Aug. 24, 1969 - Company A of the Third Battalion, 196th Light Infantry Brigade refused the order of its commander, Lieutenant Eugene Schurtz Jr., to continue an attack that had been launched to reach a downed helicopter shot down in the Que Son valley, 30 miles south of Da Nang. The unit had been in fierce combat for five days against entrenched North Vietnamese forces and had taken heavy casualties. Schurtz called his battalion commander, Lieutenant Colonel Robert C. Bacon, and informed him that his men had refused to follow his order to move out because they had “simply had enough” and that they were “broken.” The unit eventually moved out when Bacon sent his executive officer and a sergeant to give Schurtz’s troops “a pep talk,” but when they reached the downed helicopter on August 25, they found all eight men aboard dead. Schurtz was relieved of his command and transferred to another assignment in the division. Neither he nor his men were disciplined. This case of “combat refusal,” as the Army described it, was reported widely in U.S. newspapers.

Aug. 24, 1970 - U.S. B-52s carried out heavy bombing raids along the DMZ. In the United States, a radical protest group calling themselves the New Year’s Gang blew up in the Army Mathematics Research Center at the University of Wisconsin Army Mathematics Research Center in Madison. A graduate student who was working late was killed in the blast. The center, which reportedly was involved in war research, had been a focus for protest in the past, but previously protests had all been nonviolent.

Aug. 24, 1972 – The Evergreen Courant reported that the large “Gulf” gas station sign had been erected at the intersection of I-65 and State Highway 83 in Evergreen, Ala. The sign’s poles were 110-feet tall and the sign was 15-feet tall for a total height of 125 feet.

Aug. 24, 1975 - Davey Lopes of the Los Angeles Dodgers set a Major League Baseball record when he stole his 38th consecutive base.

Aug. 24, 1976 – Two teenagers were startled by an unidentified creature walking along the side of Abair Road in rural Whitehall, N.Y. They later described the thing as standing seven to eight feet tall, walking upright like a man, and swinging its long arms at its side. The monster’s eyes gave off a reddish glow and it made a sound like a pig squealing.

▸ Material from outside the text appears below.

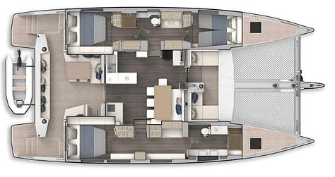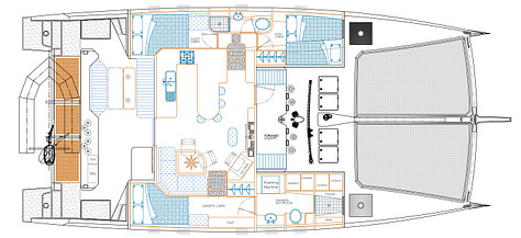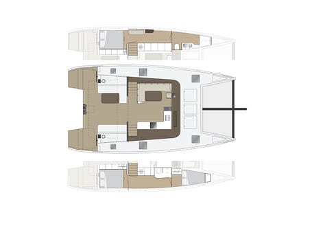 The advantage of aluminum catamarans produced in small series, without moulds, is that they can be quite easily customized. So, while the first Explocat 52 was built with two helm stations at the stern, all the others have been delivered with "a very heavy conditions deck layout, meaning that it's organized so that the helmsman can steer 'in slippers' in the lower section thanks to the pendulum helm", Marc d'Arbigny, Garcia's CEO, tells us. Vaan has a slightly different philosophy, as its founder Igo Kluin tells us: "The essence of Vaan is sailing, style and sustainability. So sailing is important, that's why we have a low boom and the helm stations at the back. Catamarans are fantastic for cruising, for partying and lounging of course, but it's also a sailboat and for us it's a sailboat first". Brian and Karin have taken a radically different choice with a forward cockpit: "Will it be wet? Yes, sometimes if you're beating upwind into heavy weather, it will probably be wet but if you're looking at long distance cruising, 80%+ of our time is spent downwind or around the beam or behind the beam, and in those cases, we will be more protected because we'll have the boat behind us. We opted to put our helm inside as we did some sailing up North to Svalbard, 80° North, and up into Maine in Canada in very poor and cold weather, also bad weather in the tropics. And there was a lot of times where I wished my helm was more protected, out of the elements, out of the sun, out of the weather."

Aug. 24, 1977 - Alabama author John Green was born in Indianapolis, Ind. He is best known for his 2012 book, “The Fault in Our Stars.”

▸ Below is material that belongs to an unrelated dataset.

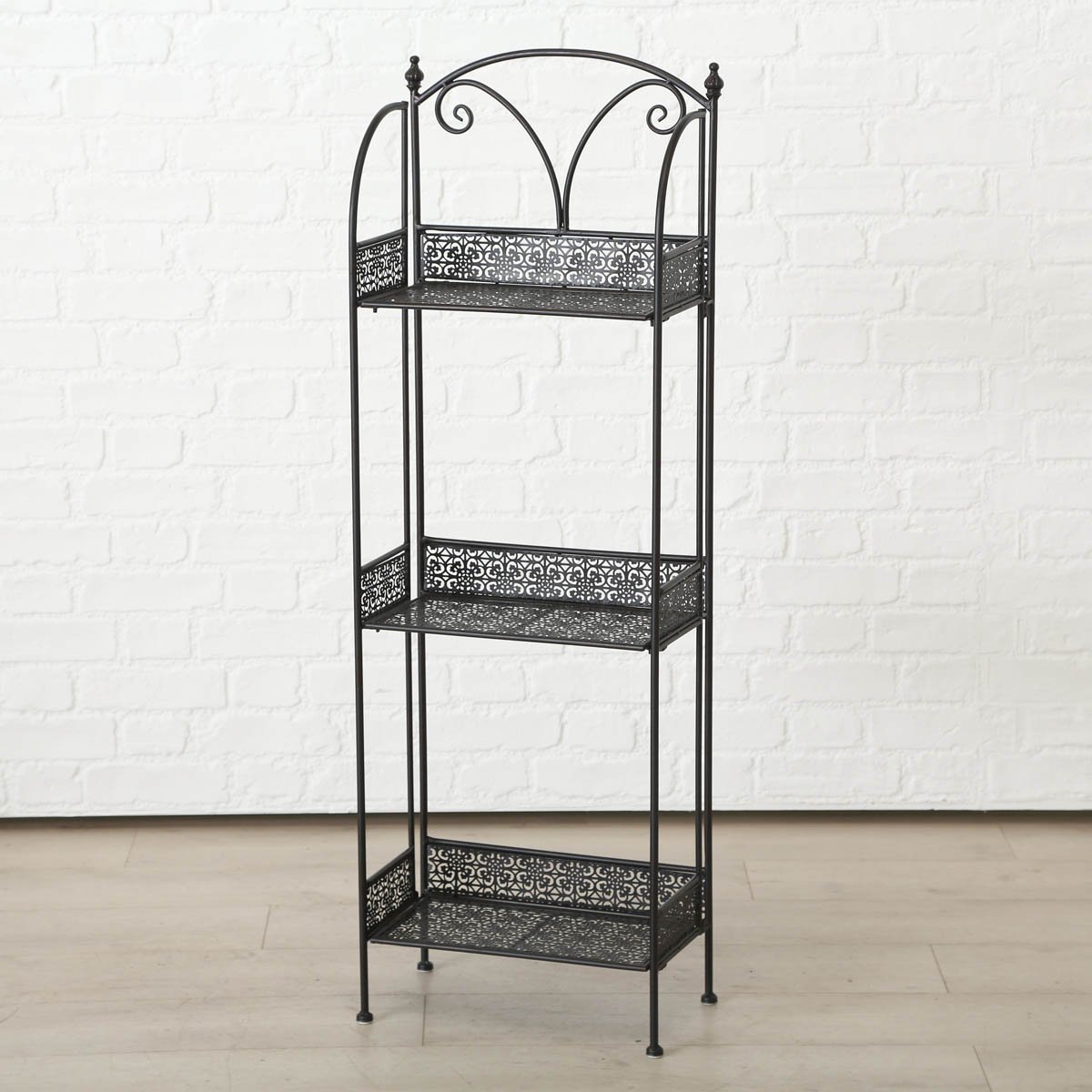 Tento stylový stojan na květiny v tmavě hnědém kovovém provedení působí dekorativně a zároveň šetří místo. Je ideální do obývacího pokoje, zimní zahrady, na terasu i balkon, kde vytvoří praktický i estetický prostor pro rostliny a dekorace. Kovová konstrukce zajišťuje stabilitu a dlouhou životnost.

Aug. 24, 1981 - Mark David Chapman was sentenced to 20 years to life in prison for the murder of John Lennon.

Aug. 24, 1989 - Pete Rose, the manager of the Cincinnati Reds, was banned from baseball for life by Commissioner A. Bartlett Giamatti after being accused of gambling on baseball.

Aug. 24, 1989 – Flomaton beat Frisco City, 27-8, in Flomaton, Ala.

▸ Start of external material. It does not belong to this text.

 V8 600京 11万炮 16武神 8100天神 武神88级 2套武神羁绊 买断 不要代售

Aug. 24, 1990 - Iraqi troops surrounded foreign missions in Kuwait.

Aug. 24, 1992 – Hurricane Andrew made landfall just south of Miami as a Category 5 hurricane.

Aug. 24, 1995 - The Monroe County Chapter of the Alabama Dog Hunters Association was scheduled to have a meeting at 7 p.m. in Monroeville at the Scott Paper Co. offices at 530 Hornady Drive. Buddy Bradley, President of the Alabama Dog Hunters Association, was to be the guest speaker.

Aug. 24, 1998 – Country comedian Jerry Clower passed away at the age of 71 following heart bypass surgery in Jackson, Miss.


Aug. 24, 2003 – Ethiopian-English explorer and author Wilfred Thesiger passed away at the age of 93 in Croydon, London, England. Thesiger is best known for his travel books “Arabian Sands” (1959), on his foot and camel crossing of the Empty Quarter of Arabia, and “The Marsh Arabs” (1964), on his time living in the marshes of Iraq with the Marsh Arabs. He donated his collection of 23,000 travel photographs to the Pitt Rivers Museum, Oxford.